Consider your windfall and cap policies. A payout cap policy can communicate that, regardless of how much revenue a salesperson brings in, his or her own reward has a limit. There’s little motivation to increase the size of a deal if he or she has one that has the potential to meet and exceed the amount of in a windfall or cap policy. This is true whether applied to a single transaction or across cumulative performance in a performance period. Once you’ve reached the performance that triggers the cap, why push further? These policies do have a time and place for risk-mitigation purposes, or if the salesperson’s role in a transaction is unclear. But they should be used carefully, with full awareness of the psychological effect they carry.


Reviewing Considerations + Avoiding Heuristics = A Winning Formula


Given the considerations we must weigh and the heuristics we must acknowledge, we as sales compensation practitioners should carefully consider multiple facets of psychology to help us avoid errors in our decisions and judgments. Psychology has an important place in our field, and we’d be wise to not underestimate its effect on the success or failure of what we do.


Heuristics in Practice

There are other reasons for sales compensation practitioners to be familiar with psychology; for example, the psychology of decision making and the common cognitive errors made. As sales compensation practitioners we regularly make decisions and judgments that have substantial effects on our organizations, and these decisions often are made in environments of uncertainty.


Psychologists Amos Tversky and Daniel Kahneman pioneered the field of study into common human errors in these environments. They called three of these common mistakes heuristic, or an approach to problem solving that uses a practical method that isn’t guaranteed to work, but is good enough for now.

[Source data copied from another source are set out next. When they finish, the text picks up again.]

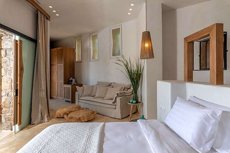 Featuring traditional Cycladic decor, this junior suite has a round balcony with views over the Aegean Sea.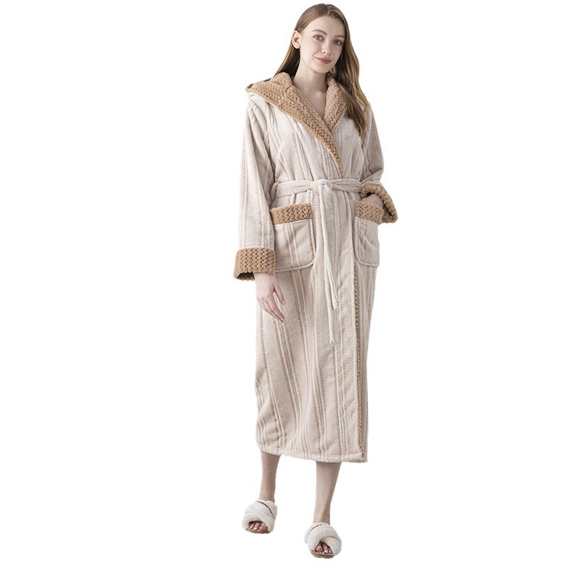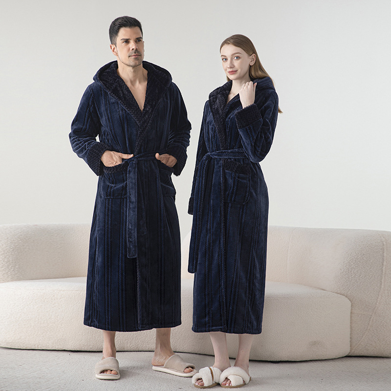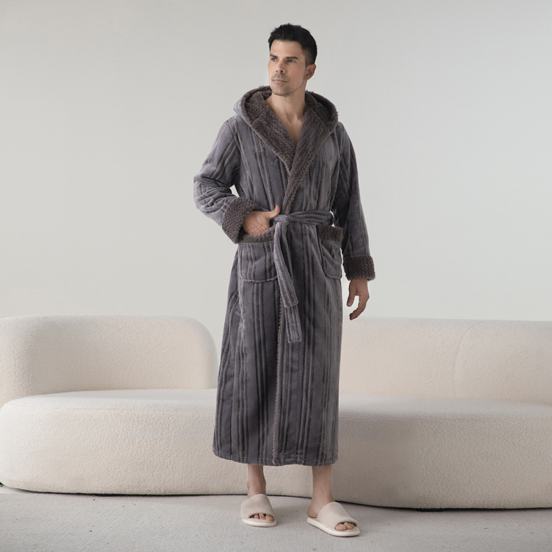 Главная страница > Трансграничная длинная ночная одежда осенний и зимний большой размер халат двойной жаккардовый пижама с капюшоном Мужской ночной халат толстый халат
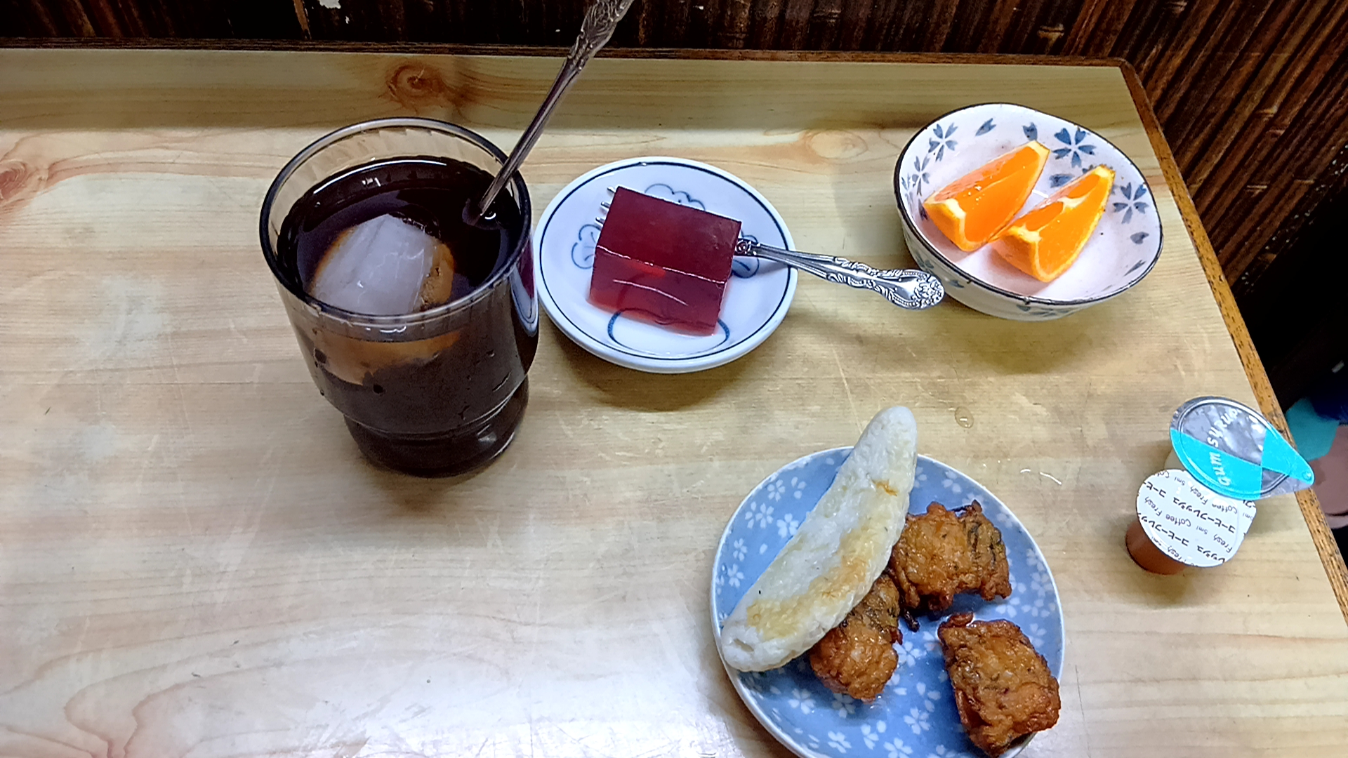 ③喫茶店サービス(寒天ゼリー・みかん・冷珈)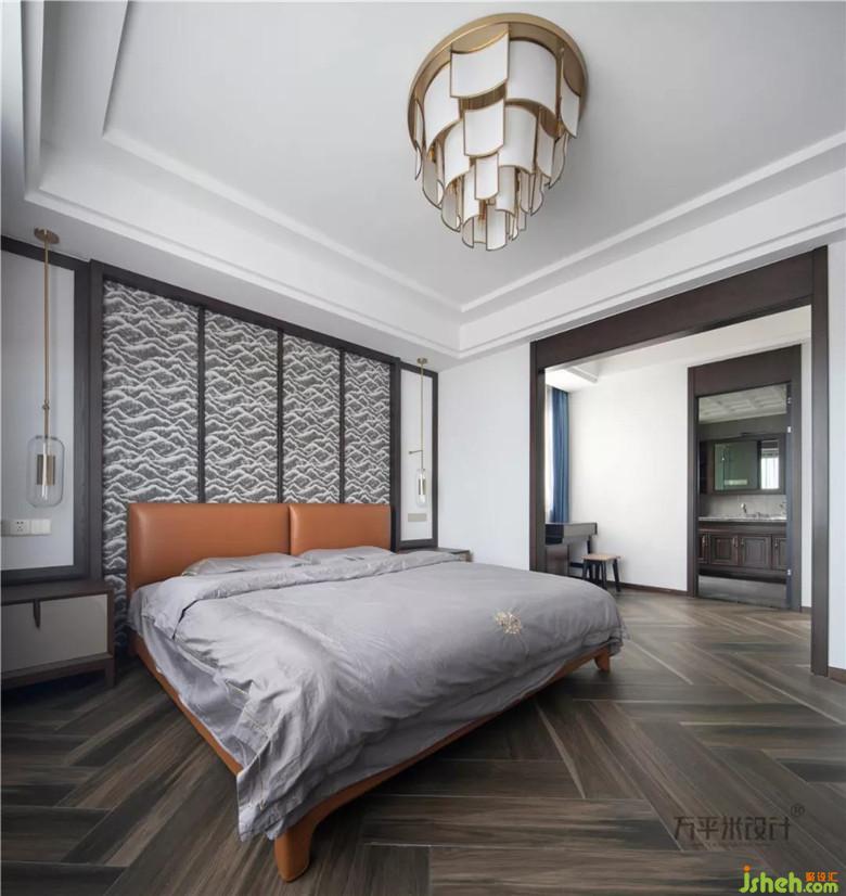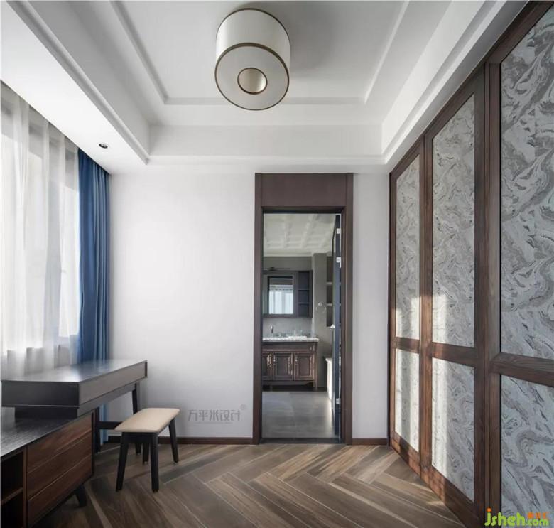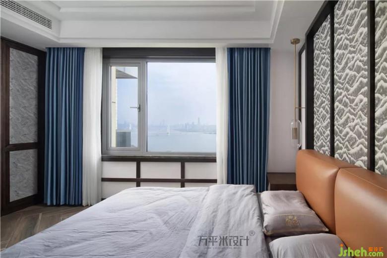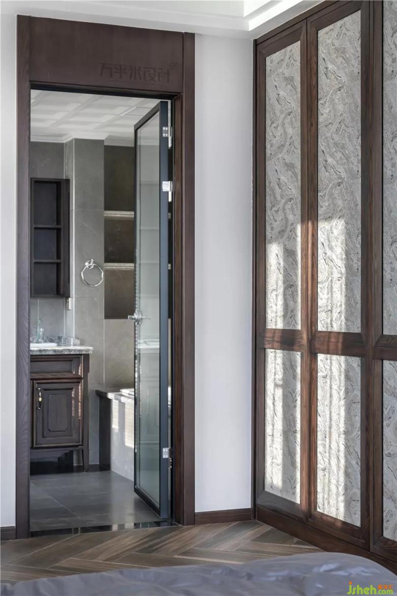 山紋圖樣的布料選擇,取依山傍水的寓意。床尾一側(cè)采取滿墻儲(chǔ)物衣柜來提升收納功能。窗外開闊江景一覽無余。清晨的陽光溫柔灑落,落日的余暉由水面侵染。開放式衣帽間作為主臥空間的延展成為統(tǒng)一的空間,明亮靠窗一側(cè)設(shè)計(jì)為梳妝臺(tái)。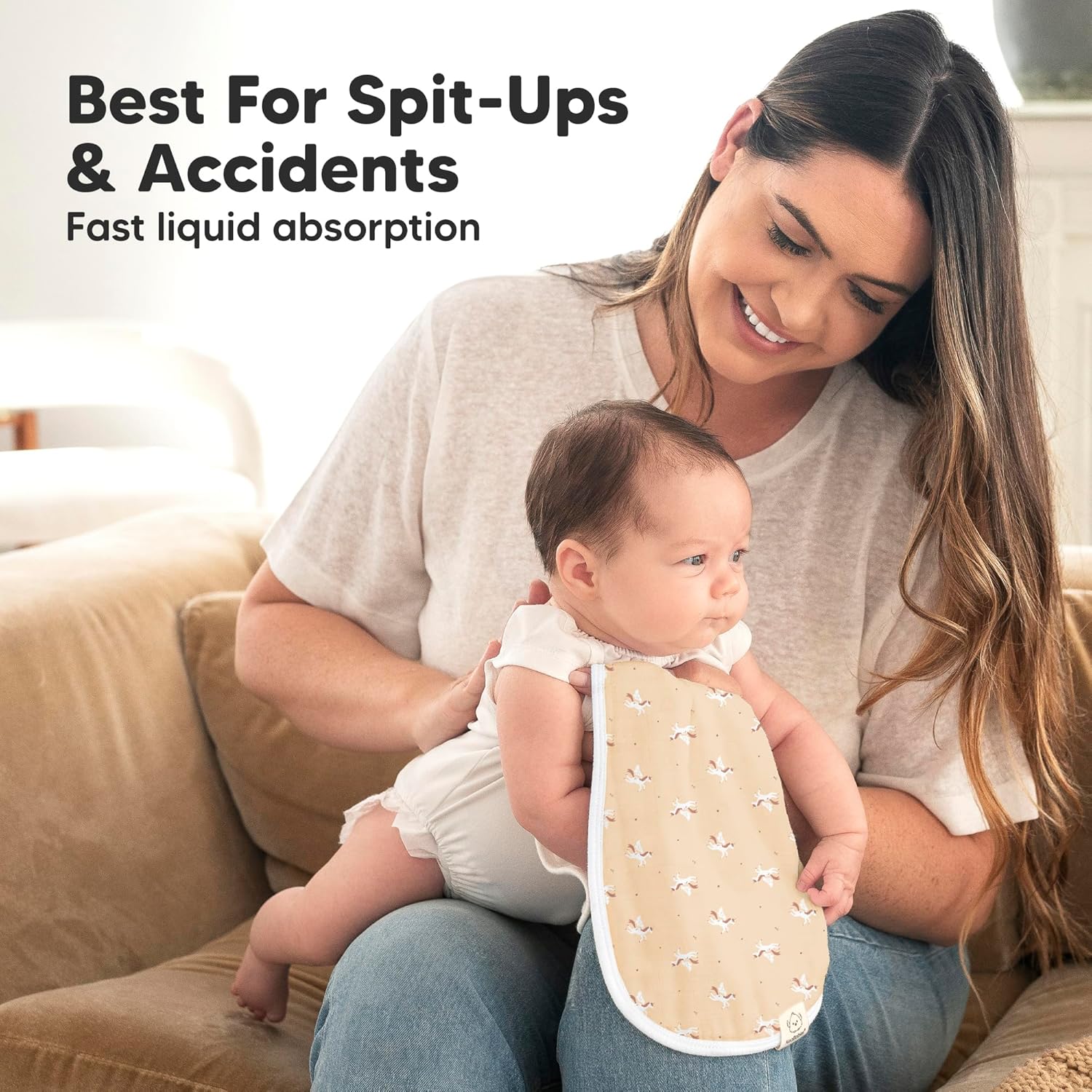- Exquisitely Soft and Gentle - Our baby burp towels for newborns are crafted with the softest organic cotton, making it suitable for all skin types. They are thick, plush, and ultra absorbent. No more worries about messes with our spit up burp rags.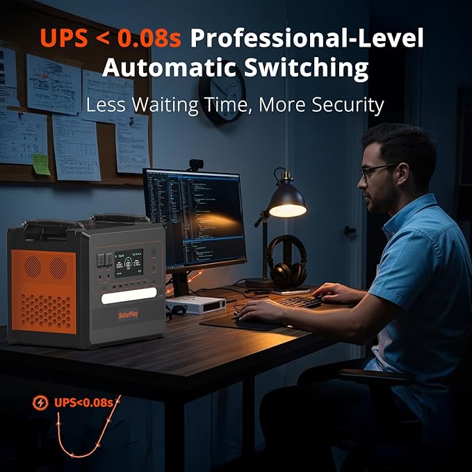 - 【1.5Hr ULTRA-FAST DUAL CHARGE & SOLAR-READY】 Recharge 0-100% in 1.5hrs via AC+solar dual input (1100W max), 2x faster than similar solar generators. Compatible with SolarPlay 200W panel for off-grid energy. Adjustable input (300W-1100W) ensures safe charging from cars/generators.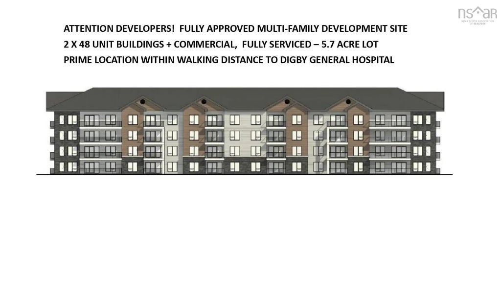 Multi residential development site on Victoria Street in Digby, Nova Scotia. Within walking distance of Digby General Hospital, Library, Elementary school, Childcare Centre, Recreational Centre and Skatepark. Located adjacent to RCMP detachment. Approved Development Agreement for 96 Residential Units and 7200 sq/ft of commercial space. High speed Fiber Optic internect service to property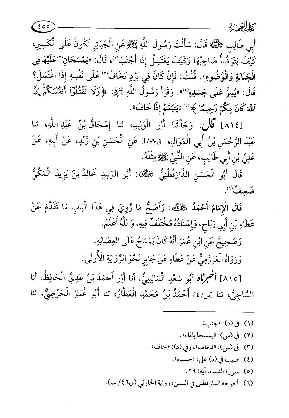 أَبِي طَالِبٍ - رضي الله عنه - قَالَ: سَأَلْتُ رَسُولَ اللَّهِ - صلى الله عليه وسلم - عَنِ الْجَبَائِرِ تَكُونُ عَلَى الْكَسِيرِ، كَيْفَ يَتَوَضَّأُ صَاحِبُهَا وَكَيْفَ يَغْتَسِلُ إِذَا أَجْنَبَ (¬1)، قَالَ: "يَمْسَحَانِ (¬2) عَلَيْهَا فِي الْجَنَابَةِ وَالْوُضُوءِ". قُلْتُ: فَإِنْ كَانَ فِي بَرْدٍ يَخَافُ (¬3) عَلَى نَفْسِهِ إِذَا اغْتَسلَ؟ قَالَ: "يُمِرُّ عَلَى جَسَدِهِ (¬4) ". وَقَرَأَ رَسُولُ اللَّهِ - صلى الله عليه وسلم -: {وَلَا تَقْتُلُوا أَنْفُسَكُمْ إِنَّ اللَّهَ كَانَ بِكُمْ رَحِيمًا} (¬5) "يَتَيَمَّمُ إِذَا خَافَ".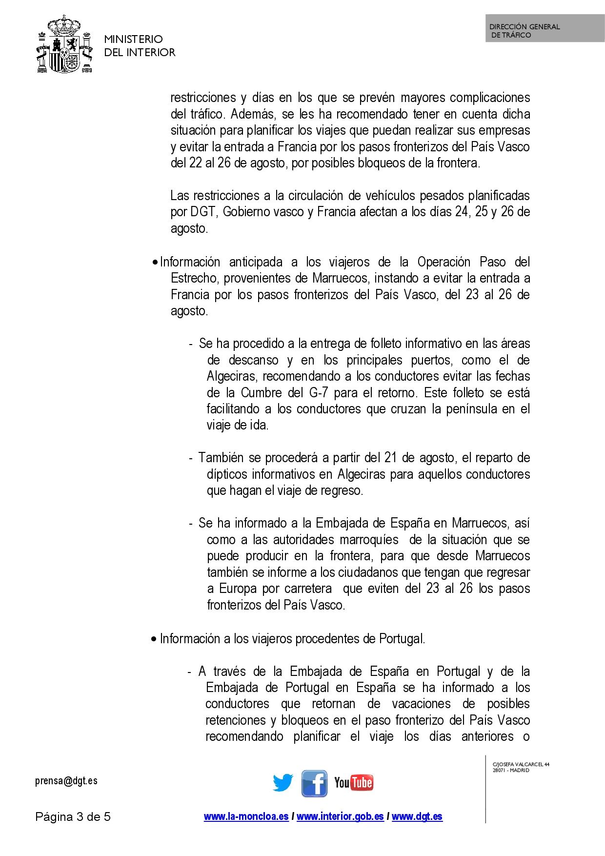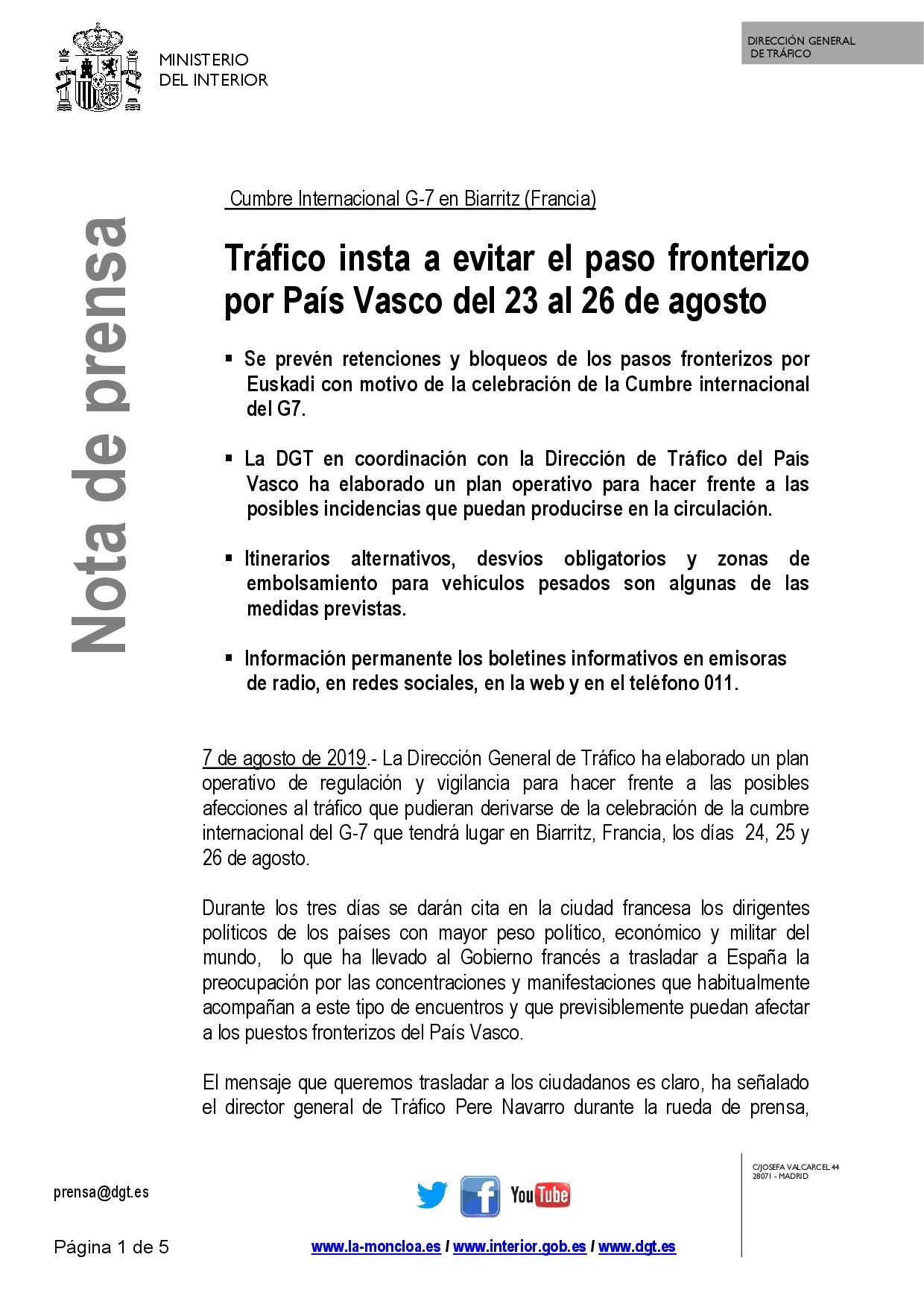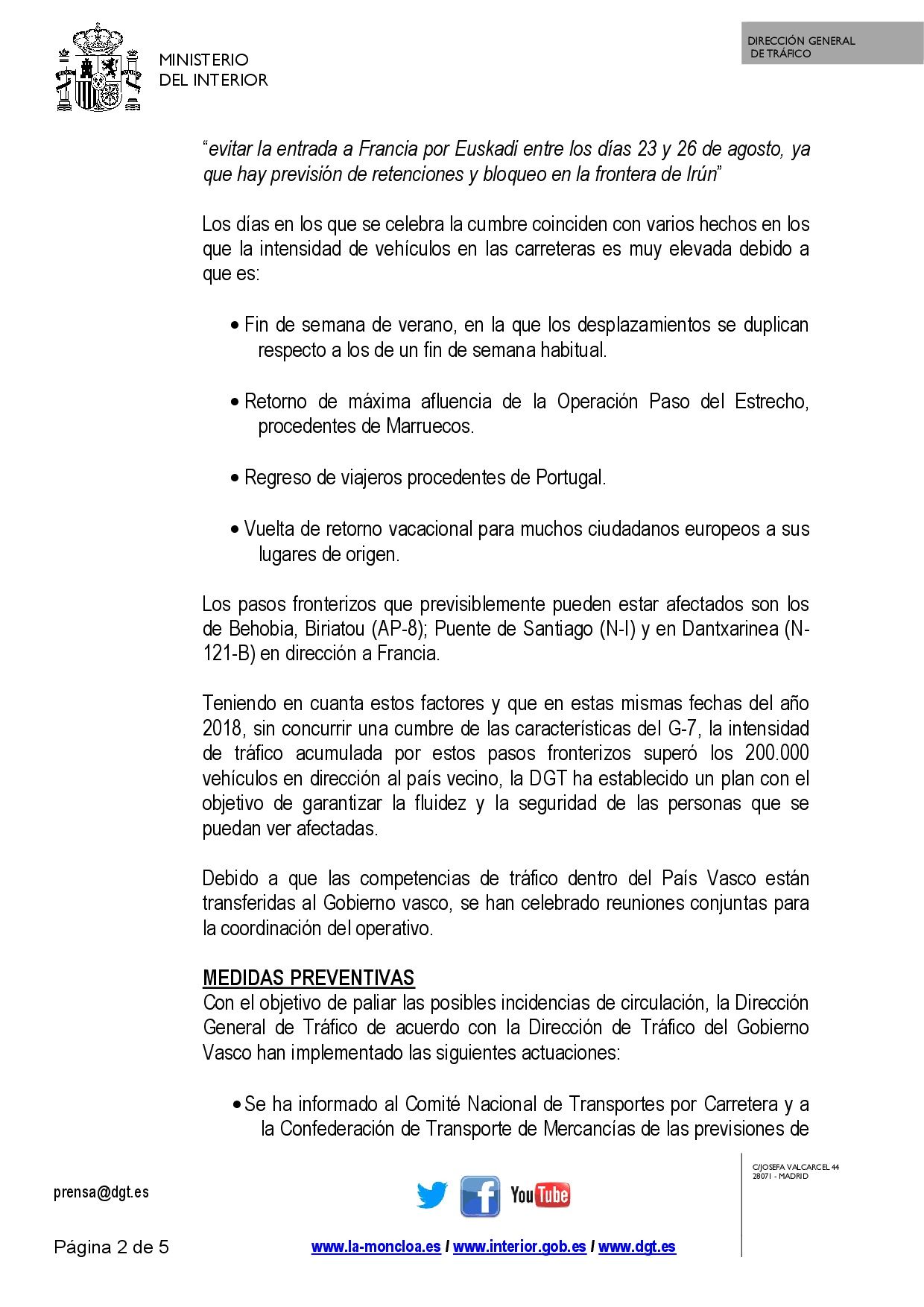 Como continuación y complemento de las informaciones que ya le enviamos sobre este mismo tema los días 24 y 29 de julio, tenemos que comunicarle que ha tenido lugar en la DGT una rueda de prensa para informar sobre el impacto que tendrá la celebración de la cumbre internacional del G7 en Biarritz en lo que a tráfico se refiere.

Representativeness Heuristic

This is a common error made when judging the probability of something based on how similar it is to something else without accounting for other factors. For example, a question like “what is the probability that object A belongs to class B?” frequently arises in sales compensation. Scenarios may be proposed or exceptions requested to compensation policies that are then reviewed for reasonableness. It is important to dig into data that supports (or doesn’t support) the request before deciding, rather than overreacting to anecdotal evidence.


Availability Heuristic

Trying to relate something we are deciding or judging with prior experience results in this heuristic. Readily available memories tend to cloud or distort decision making. Sometimes we assess the likelihood of an event by the ease with which we can think of similar instances. Biases occur because certain types of instances are more memorable than others, even though the less memorable instances may be greater in likelihood. In sales compensation, this heuristic can lead to errors when judging the likelihood of different scenarios and erroneously leaning on memory that selectively recalls certain types of events over others.


Adjustment and Anchoring Heuristic


This heuristic causes frequent errors in estimating — an important component of sales compensation plan modeling. In sales compensation, the implications of this heuristic affect both modeling (not letting randomness affect estimations) and communication. How we communicate the mechanics of a plan and the order of items we communicate can greatly affect the salesperson.